Here’s some of the most commonly asked questions about discretionary trusts.

If your question isn’t answered below, please feel free to get in touch. We’re always happy to help.

1. What is the Difference Between a Unit Trust and a Discretionary Trust?

The key difference lies in how profits are distributed. In a unit trust, distributions are based on the number of units each investor holds.

In contrast, a discretionary trust allows the trustee to decide how the income or profits are distributed, giving them greater flexibility.

2. What is a Fixed Unit Trust?

A fixed unit trust operates similarly to a traditional unit trust, but the distributions to unit holders are fixed and predetermined.

This type of structure is often preferred for those who want a more predictable return, as profits are divided in a set way based on the units held.

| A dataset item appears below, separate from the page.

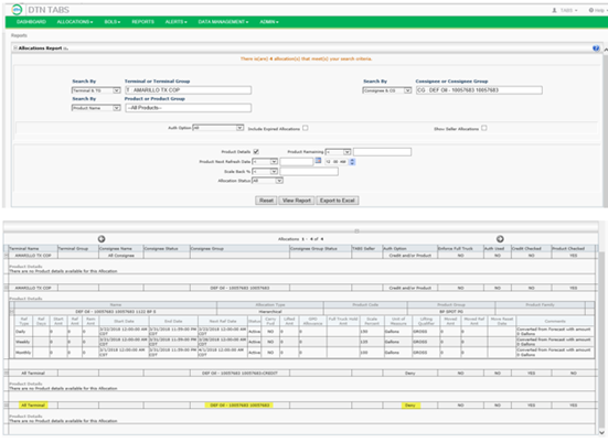 Two main issues within your DTN TABS database commonly cause the resulting denies. Both of these can be diagnosed by running an Allocation Report for the terminal and consignee receiving the error. You will then get one of two responses:

3. What is a Cash Management Unit Trust?

A cash management unit trust primarily invests in cash-based securities such as term deposits, government bonds, and other short-term interest-bearing investments.

This is often a lower-risk option for investors seeking a stable return while maintaining liquidity.

4. Can a Unit Trust Borrow Money?

Yes, a unit trust can borrow money to fund its investments. This is often referred to as a geared unit trust, where borrowing is used to leverage the investments within the trust. However, this increases the risk, as any losses are also magnified.

5. Can a Unit Trust Invest in Property?

Yes, property unit trusts are a popular option in Australia. These trusts pool funds to invest in various types of property, including residential, commercial, and industrial properties.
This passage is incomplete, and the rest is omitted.